We already covered a method for generating primes, so our solution is just:

problem10 = sum $ takeWhile (<2000000) primes

And now for a slightly trickier problem:

Problem 12:
What is the value of the first triangle number to have over five hundred divisors?

(Yes, I skipped over problem 11. I haven't found a good way of doing it yet.)
The triangular numbers can be easily generated using scanl1. To find the number of factors of a number, we use the following trick: find the prime factorization of the number, add 1 to each exponent in the factorization, then multiply the exponents together. This makes sense because any factor must be a combination of prime factors. So really you're evaluating all the possible combinations of exponents in the prime factorization, with each term pⁿ having n+1 possible exponent states (since n = 0 is also a valid state).

The only real challenge here is to find a way get the exponents of each prime factor. Recall that our primeFactors function returns a unique list of prime numbers that multiply together to form the original number.

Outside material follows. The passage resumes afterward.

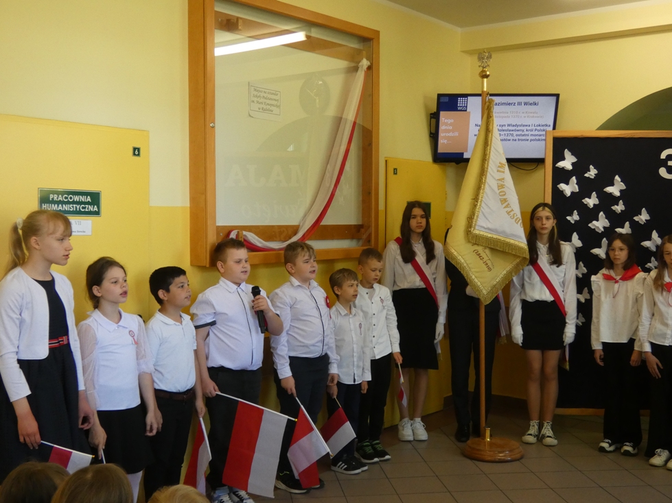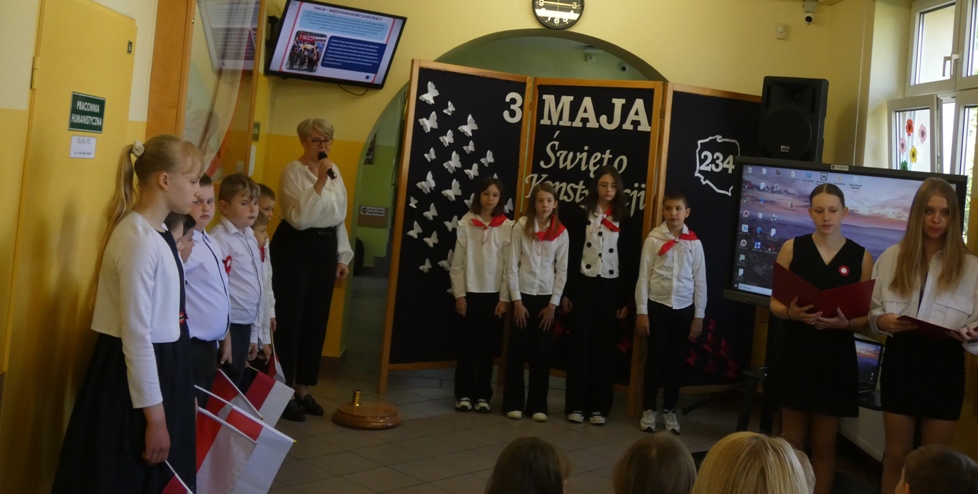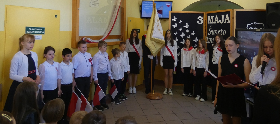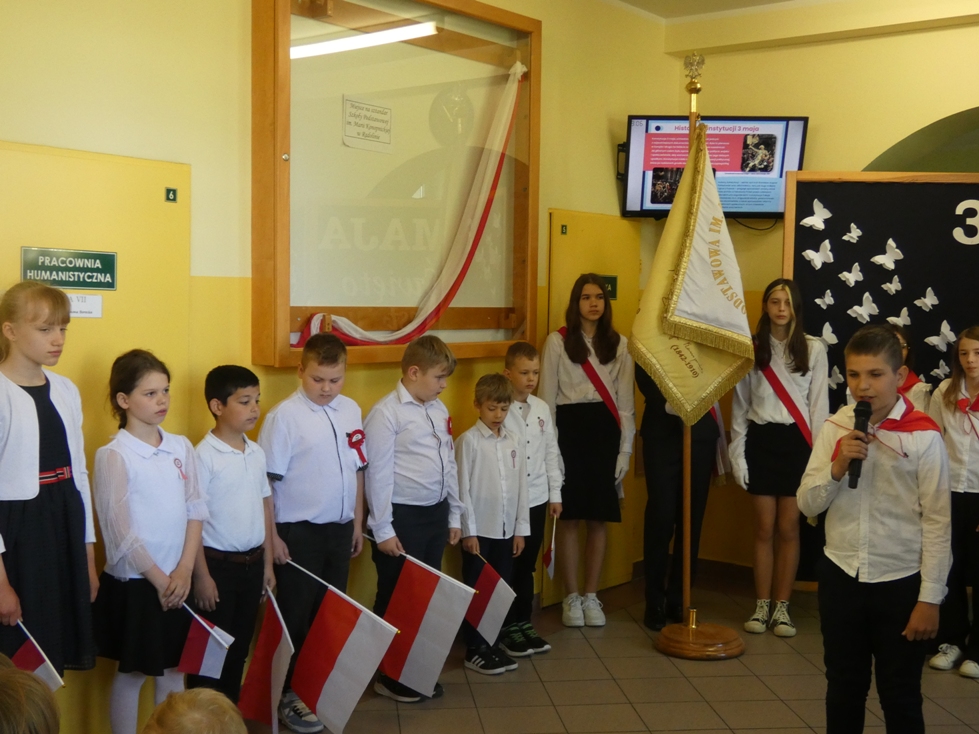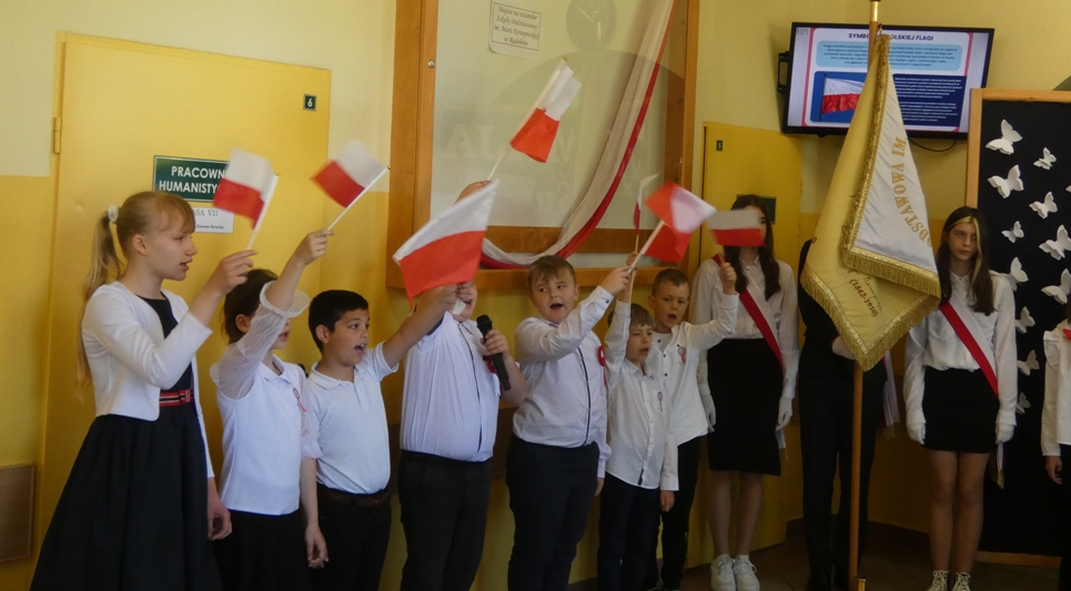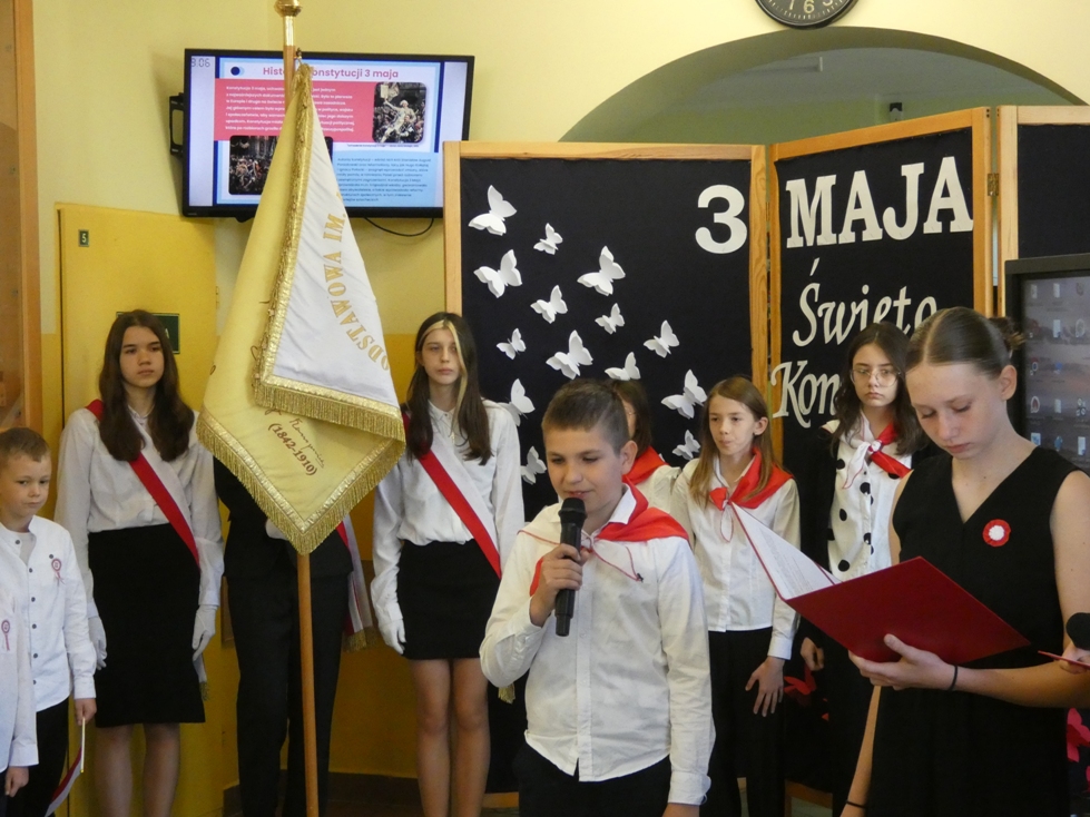 W dniu 30.04 w naszej szkole odbyła się uroczystość z okazji 234. rocznicy uchwalenia Konstytucji 3 Maja – pierwszej w Europie i drugiej na świecie spisanej konstytucji. Z tej okazji uczniowie przypomnieli historię tego ważnego dokumentu oraz jego autorów: króla Stanisława Augusta Poniatowskiego, Hugo Kołłątaja, Ignacego Potockiego i Stanisława Małachowskiego. Występom towarzyszyła recytacja wierszy, pieśni patriotyczne oraz wprowadzenie sztandaru Szkoły Podstawowej im. Marii Konopnickiej.

So one way we can get the exponent of each number is to simply count the number of times a number appears in the list. To accomplish this, we will use a new function called span, which takes a list and a comparison as arguments and returns a tuple.

Have we covered tuples yet? A tuple is just a pair of two values. The reason they're useful is that the values can have different types, which isn't true of a list. In this case, span looks for the first element in the list that does not satisfy the comparison function, and splits the list in two at that element. The first part goes in the first value of the tuple, and the latter part goes to the second value.

Normally we could not use span to count the number of occurrences of an element in a list, but this is a special case. Since the way we defined primeFactors means that its output is in ascending order, the repeated prime factors will already be grouped together. So all we have to do is get the length of the first part, then call our function on the latter part to get the next value. Here's the implementation:

getExp [] = []
getExp xs = length (fst spanTuple) : getExp (snd spanTuple) where
    spanTuple = span (== (head xs)) xs

As you might have guessed, fst and snd are simply functions that let us access the first and second values in a tuple. Also note that we must define the base case getExp []; otherwise our function would never terminate.

Now that we have our list of exponents, it is a simple matter to add 1 to them and take the product. Then we simply run this calculation on each triangular number and perform a list comprehension:

problem12 = head [x | x <- triangles, numFactors x > 500] where
    triangles = scanl1 (+) [1..]
    numFactors = product . getExp . primeFactors
    getExp [] = []
    getExp xs = length (fst spanTuple) : getExp (snd spanTuple) where
        spanTuple = span (== (head xs)) xs

Note that we have defined numFactors in pointfree style here.

Originally I used group to count the number of occurrences, but it seemed unnecessarily verbose. Fortunately, Haskell makes it easy to define custom-tailored functions like getExp inline, right where you need them.